Math in q: The limit does not exist

Going beyond the native 64bit math in q/kdb+

If we are the same type of weird you have probably thought to yourself: “What is the maximum object size that can be encrypted with the sha-256 hashing algorithm?” and quickly ran to google for the answer. If you’re not that weird, then I’ll save you the trip to google and just tell you. It’s 263-1 bytes. Sure, 263-1, but what does that number even look like? Let’s check it out in q/kdb+:

kdb 2^63 Yikes.

Native math functions in q/kdb+ are limited by the maximum size of the number datatypes involved. The largest datatype in q/kdb+ is a “long” which is takes 8 bytes of data. In different languages this datatype might be refered to as “bigint”, “int64” or “long long”, each represents an 8 byte numerical datatype. Therefore the limit on native numerical calculations q/kdb+ is only 8 bytes of data - that feels a bit tight.
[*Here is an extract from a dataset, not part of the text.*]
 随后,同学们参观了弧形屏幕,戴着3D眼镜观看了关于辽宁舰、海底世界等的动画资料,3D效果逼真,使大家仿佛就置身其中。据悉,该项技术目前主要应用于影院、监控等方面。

Given that numbers in q/kdb+ are signed (positive/negative), that means the largest number you can accurately calculate is 9,223,372,036,854,775,806. The top two numbers (…807 and …808) are reserved for 0W and 0N respectively.

Pathetic.

To top it off, Python3 natively promotes “int” types to “long” types which can have unlimited length and can perform almost any operation (excluding any operation that would convert the “long” to a “float”). To admit that a bunch of snake-charmers could outperform our far superior language? shudders I will not stand idly by while python runs laps around us. If you’re thinking, “This seems like a lot of work, why not just do it in python?”, here is the door.
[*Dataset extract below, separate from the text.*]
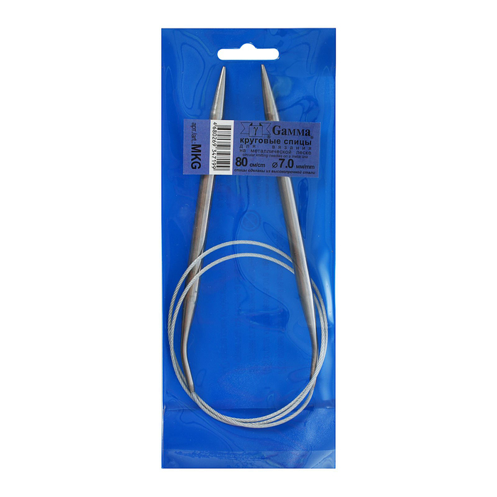 Спицы для вязания, круговые, с металлической леской, d=7мм, 80см

Now that it’s just us serious programmers, let’s talk about what we need to do to bypass this limit.

Our First Attempt: Partial Products

First, we need a way to represent numbers larger than ~9 quintillion. While there may be several solutions to representing large numbers in an abstract way, I think the most straightforward and human-readable would be to represent each digit as a single number in a vector of longs. In this way, the maximum numerical value of a long would be represented “9 2 2 3 3 7 2 0 3 6 8 5 4 7 7 5 8 0 6”. Great, now in code:

// accepts a number,string or list of numbers
// converts to list of longs
vec:{"J"$/:string x}

So we now have our numbers, or more correctly, our lists of numbers. How do we multiply these numbers together? One of the most common methods of multiplication is called partial products. This method multiplies each digit in one number by each other digit in the second number and aggregating the result. Still confused? Here, watch this video:

One important thing to note here, is that in partial products we don’t consider each digit individually, but rather consider each digit*10n where n is the index of the digit counted from right to left. Because of this we are able to take advantage of the vecorization of one number, but the other must be multiplied by 10n. If I am making absolutely no sense, let’s look at an example:

// our two numbers 3 * 121 = 363
x:3; y:1 2 1;

// multiply each digit by each of the other digits
x*/:100 10 1*'y
300  // (3*100)
60   // (3*20)
3    // (3*1)

// sum 
sum x*/:100 10 1*'y
363

// generic partial products code
reverse sum vec[x]*/:{x*prd each #\:[;10]reverse til count x}vec y;

If you are thinking, “that was a softball question”, that’s because it was. In truth, I didnt want to dive too fast into harder problems because I need to explain the concept of digit promotion. If you watched the embedded video above, the digit promotion in that video occurs at about 2:10. When the numbers in a column add up to 10 or more, the tens digit gets promoted to the next column.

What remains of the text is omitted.